-- Data records follows --

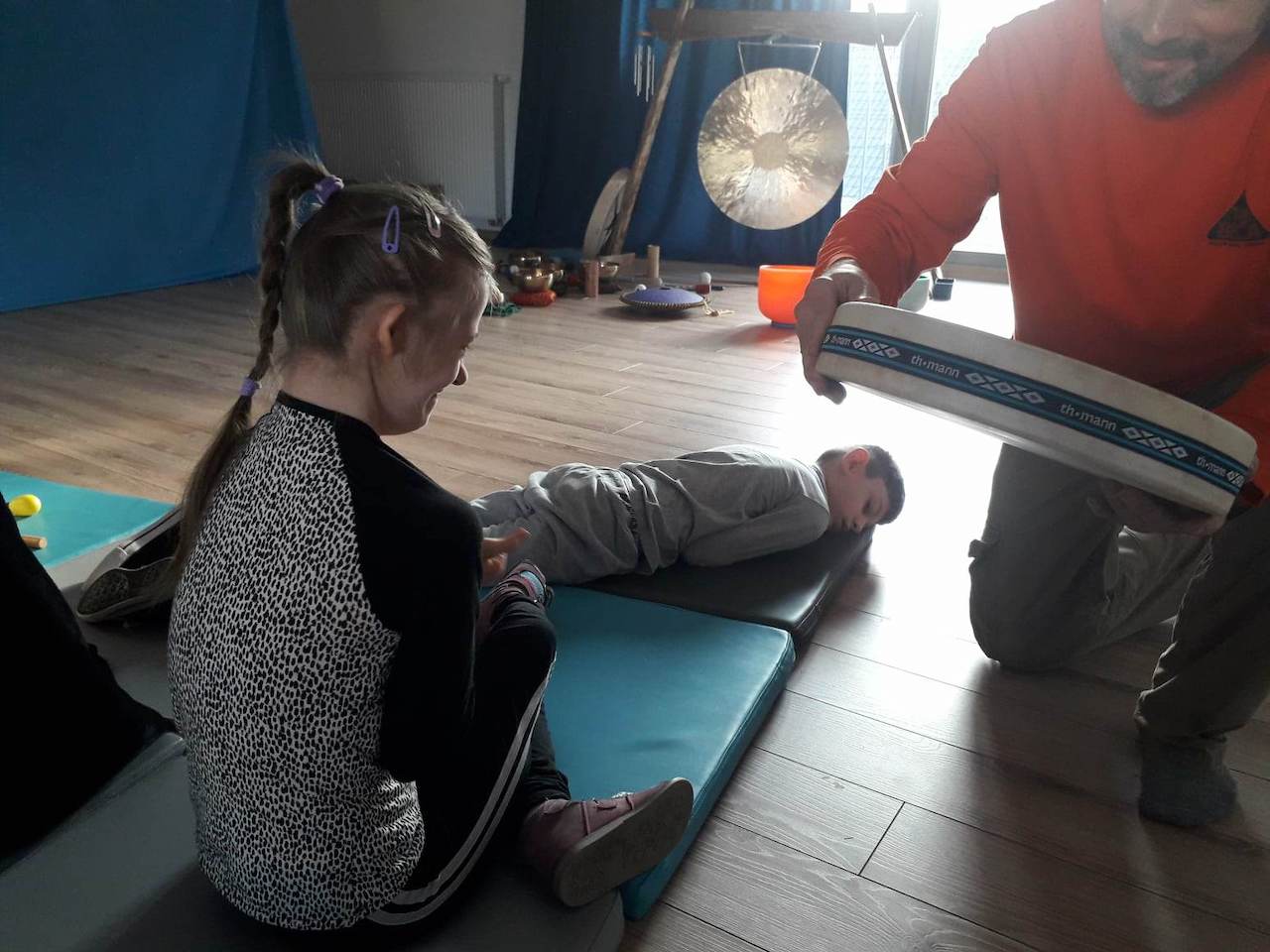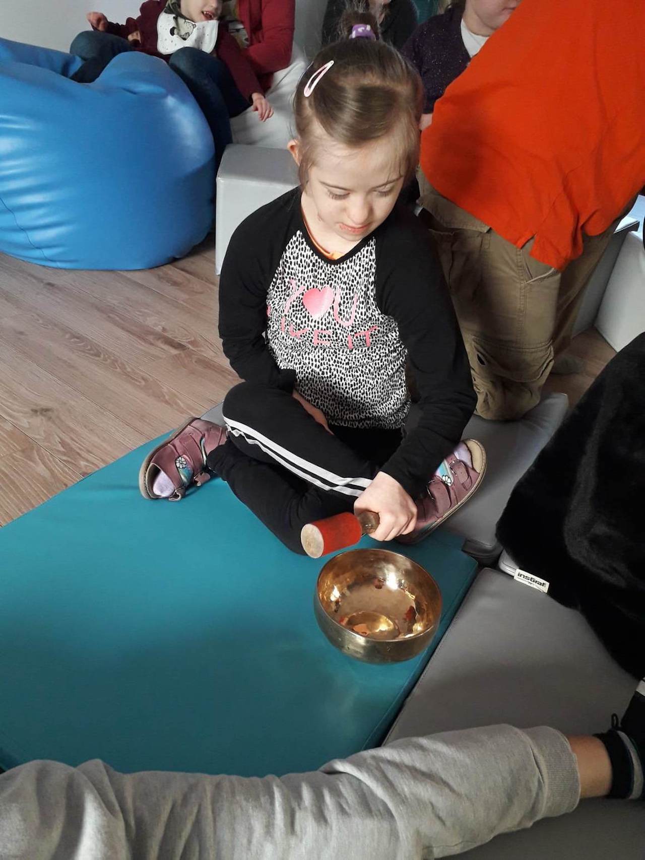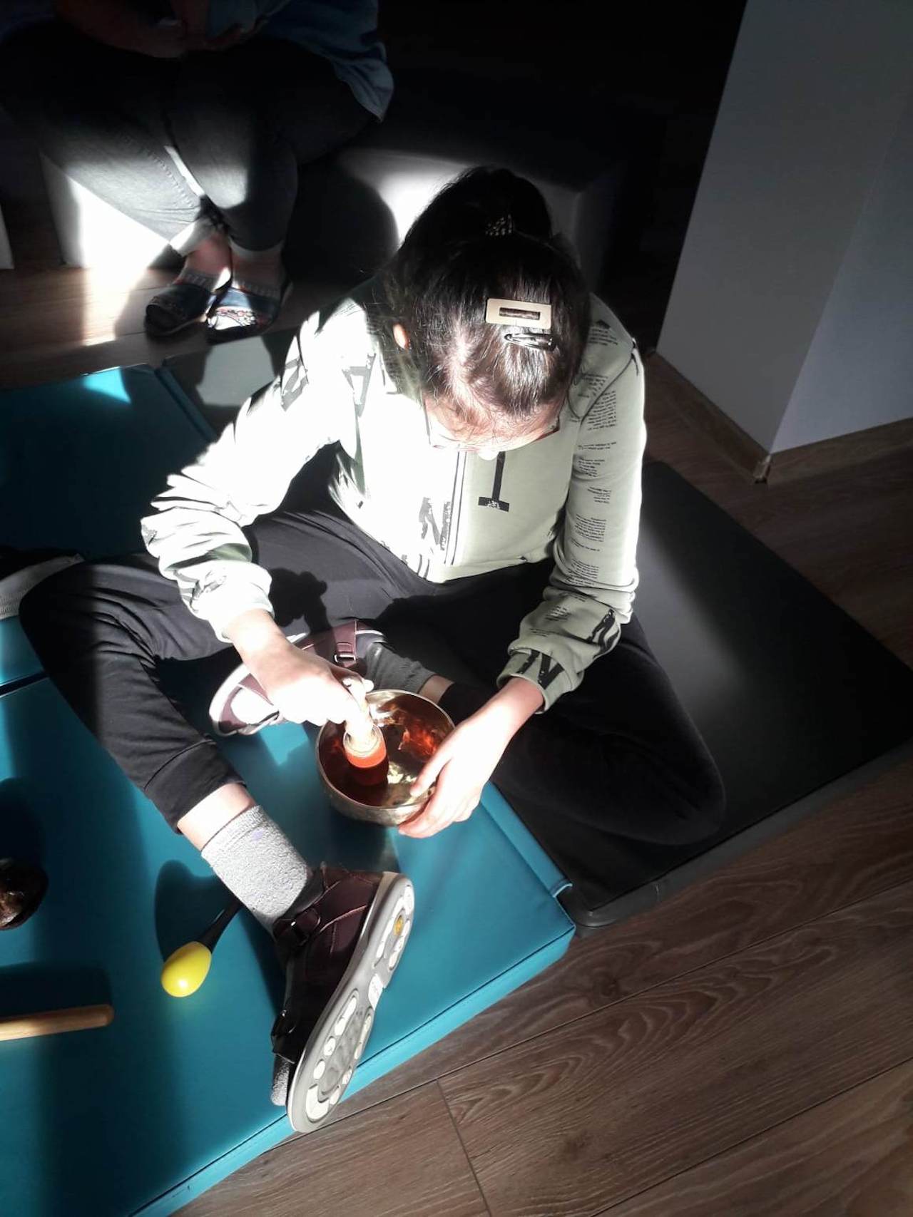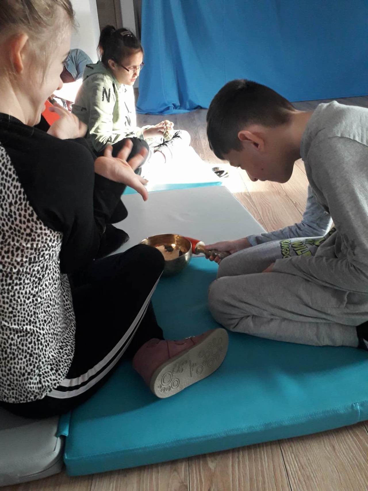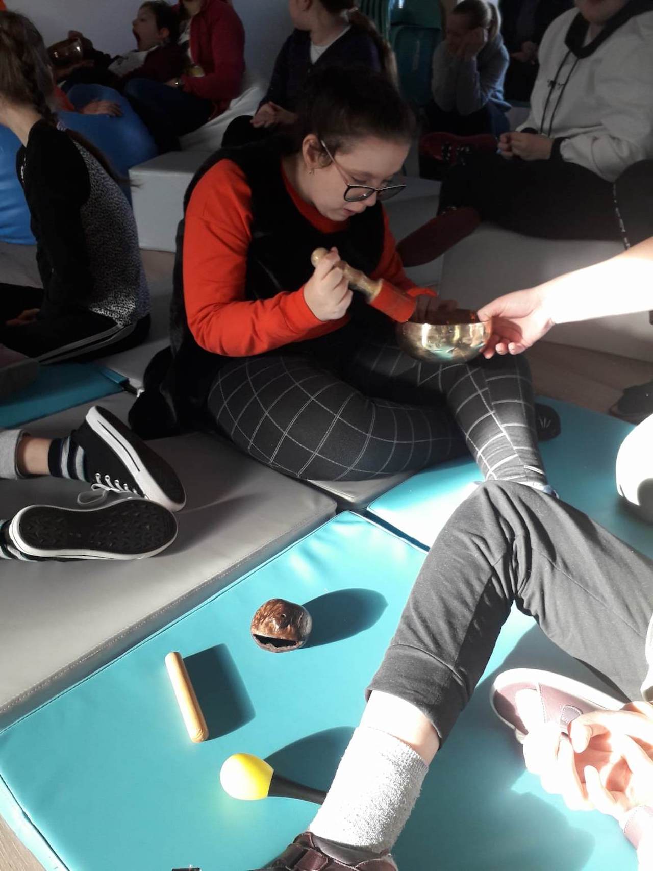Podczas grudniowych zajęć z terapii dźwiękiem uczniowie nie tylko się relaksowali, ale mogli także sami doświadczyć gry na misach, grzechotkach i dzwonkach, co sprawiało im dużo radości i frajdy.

-- Data records concluded --
-- Data records follows --

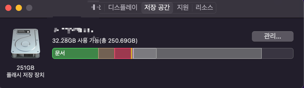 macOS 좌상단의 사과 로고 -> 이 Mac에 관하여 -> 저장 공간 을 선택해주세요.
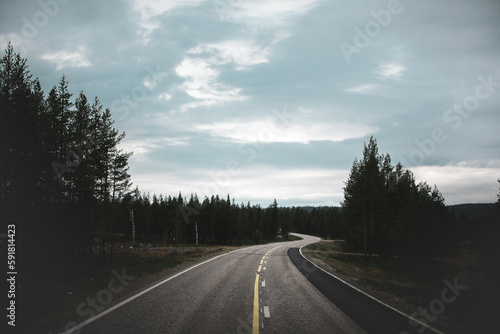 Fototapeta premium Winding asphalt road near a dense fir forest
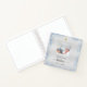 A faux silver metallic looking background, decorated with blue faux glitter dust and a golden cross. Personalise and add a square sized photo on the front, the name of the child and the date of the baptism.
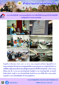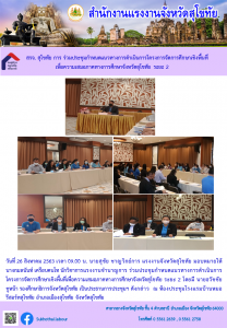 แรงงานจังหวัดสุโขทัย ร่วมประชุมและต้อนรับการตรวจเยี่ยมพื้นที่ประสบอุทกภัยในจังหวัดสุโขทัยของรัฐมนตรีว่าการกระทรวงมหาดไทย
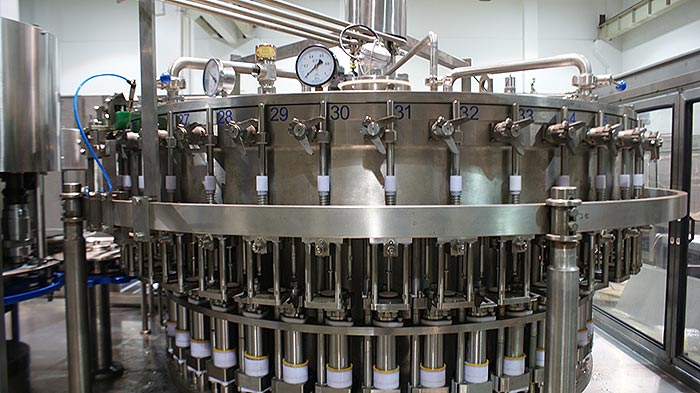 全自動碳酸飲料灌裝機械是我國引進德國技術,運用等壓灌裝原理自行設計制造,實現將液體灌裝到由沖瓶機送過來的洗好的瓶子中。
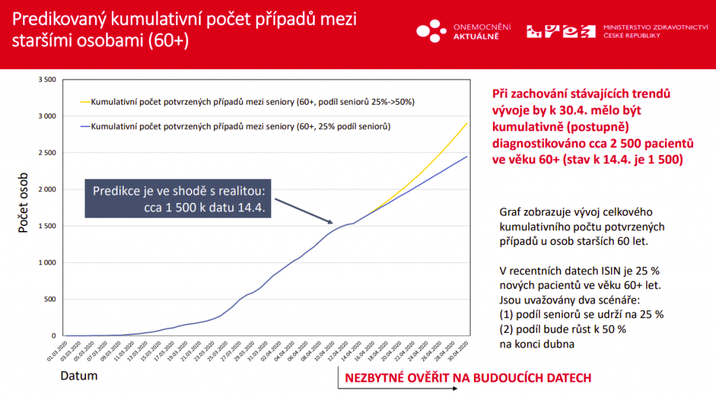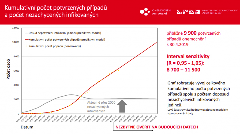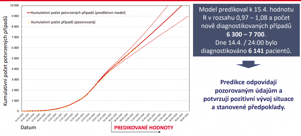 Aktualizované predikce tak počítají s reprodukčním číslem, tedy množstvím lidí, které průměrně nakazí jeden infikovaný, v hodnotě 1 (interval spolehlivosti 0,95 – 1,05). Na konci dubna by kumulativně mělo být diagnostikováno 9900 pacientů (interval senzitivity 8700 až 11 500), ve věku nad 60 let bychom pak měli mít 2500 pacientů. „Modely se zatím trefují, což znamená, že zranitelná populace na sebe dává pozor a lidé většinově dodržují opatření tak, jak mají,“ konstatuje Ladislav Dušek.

-- Data records concluded --

In the entries above, find the line with "macOS 좌상단의 사과" and the line with "Aktualizované predikce tak". Write out exactly those two lines and every line between them, pictures excluded.

Solution:
 macOS 좌상단의 사과 로고 -> 이 Mac에 관하여 -> 저장 공간 을 선택해주세요.
 Fototapeta premium Winding asphalt road near a dense fir forest
 A faux silver metallic looking background, decorated with blue faux glitter dust and a golden cross. Personalise and add a square sized photo on the front, the name of the child and the date of the baptism.
 แรงงานจังหวัดสุโขทัย ร่วมประชุมและต้อนรับการตรวจเยี่ยมพื้นที่ประสบอุทกภัยในจังหวัดสุโขทัยของรัฐมนตรีว่าการกระทรวงมหาดไทย
 全自動碳酸飲料灌裝機械是我國引進德國技術,運用等壓灌裝原理自行設計制造,實現將液體灌裝到由沖瓶機送過來的洗好的瓶子中。
 Aktualizované predikce tak počítají s reprodukčním číslem, tedy množstvím lidí, které průměrně nakazí jeden infikovaný, v hodnotě 1 (interval spolehlivosti 0,95 – 1,05). Na konci dubna by kumulativně mělo být diagnostikováno 9900 pacientů (interval senzitivity 8700 až 11 500), ve věku nad 60 let bychom pak měli mít 2500 pacientů. „Modely se zatím trefují, což znamená, že zranitelná populace na sebe dává pozor a lidé většinově dodržují opatření tak, jak mají,“ konstatuje Ladislav Dušek.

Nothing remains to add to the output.